Write down exactly the lines from the one below that has "据多家媒体发布的视频显示,遮" to the end of the data, both ends included; the pictures should not appear in your copy.
[[ Recorded information, beginning ]]
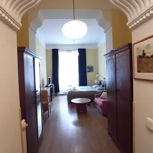 Apartmán leží v historickém centru Karlových Varü, naproti Divadelnímu náměstí. Na půl cesty mezi Vřídlem a Puppem. 50 m od hlavní promenády. Pohodlné ubytování je hostům poskytováno v moderně zařízeném a plně vybaveném apartmánu s celkovou kapacitou 4 lůžek. Součástí základního zařízení apartmánu je plně vybavená kuchyňka, ložnice s manželskou postelí, obývací část s rozkládacím lůžkem a moderní koupelna se sprchovým koutem a sociálním zařízením. Nechybí pračka, žehlička, fén, dostatek úložných prostor a pohodlný nábytek. K příjemnému ubytování přispívá také televize se satelitním příjmem a bezplatné bezdrátové internetové připojení. Ubytování s domácími mazlíčky bohužel není možné.
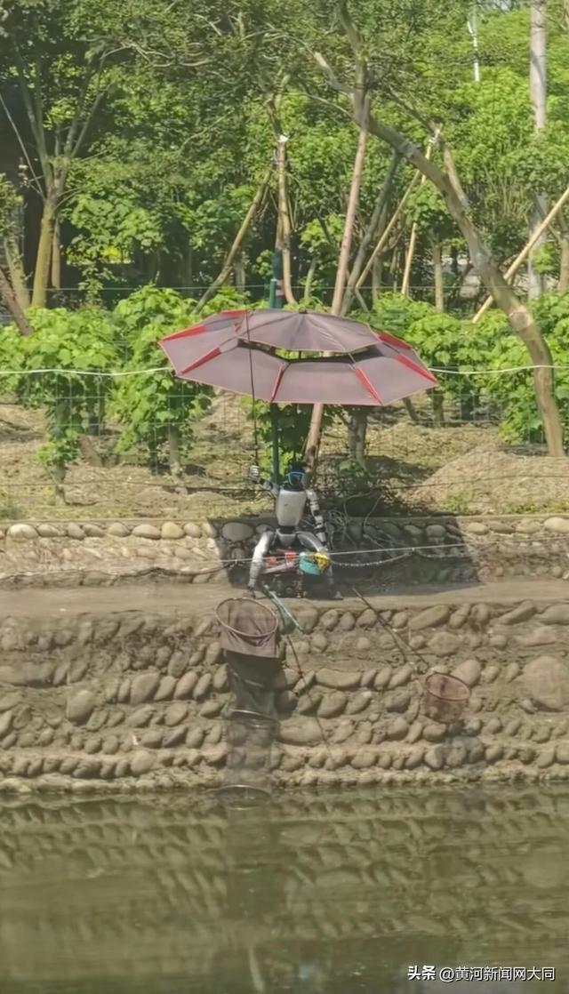 据多家媒体发布的视频显示,遮阳伞下,一台人行机器人坐在钓箱上,在它身边,鱼护、抄网一应俱全。随着机器人的手臂轻轻扬起,一条鱼也被钓出水面。
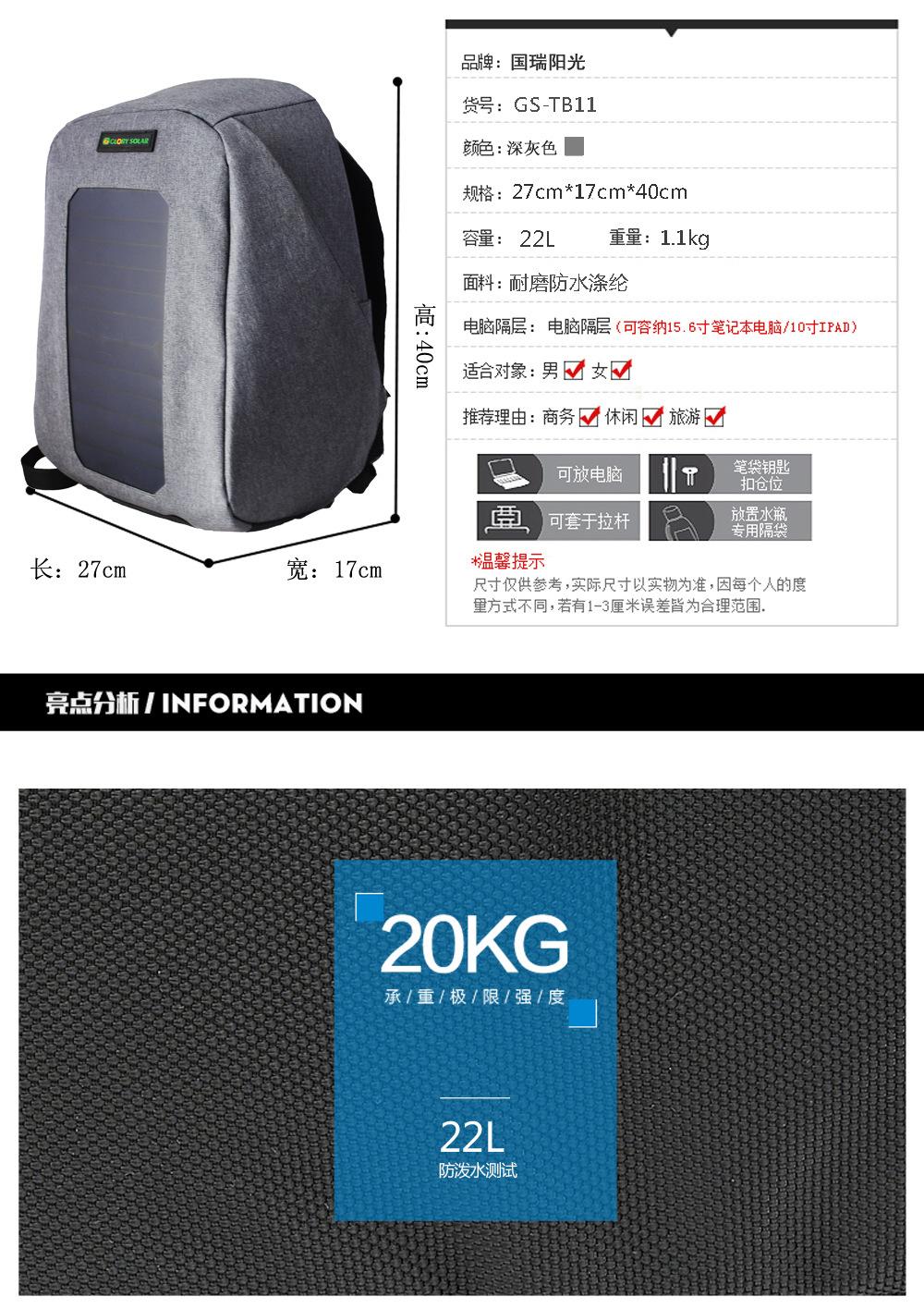 1. Las mochilas solares vendidas en la tienda no admiten la personalización de pedidos pequeños.[Referencia de muestra disponible]Si tiene necesidades de personalización a gran escala, por favor contacte al servicio de atención al cliente o llame al gerente comercial. El precio del producto no incluye impuestos ni envío, ¡tenga en cuenta!
[[ Recorded information, end ]]
### Answer below
 据多家媒体发布的视频显示,遮阳伞下,一台人行机器人坐在钓箱上,在它身边,鱼护、抄网一应俱全。随着机器人的手臂轻轻扬起,一条鱼也被钓出水面。
 1. Las mochilas solares vendidas en la tienda no admiten la personalización de pedidos pequeños.[Referencia de muestra disponible]Si tiene necesidades de personalización a gran escala, por favor contacte al servicio de atención al cliente o llame al gerente comercial. El precio del producto no incluye impuestos ni envío, ¡tenga en cuenta!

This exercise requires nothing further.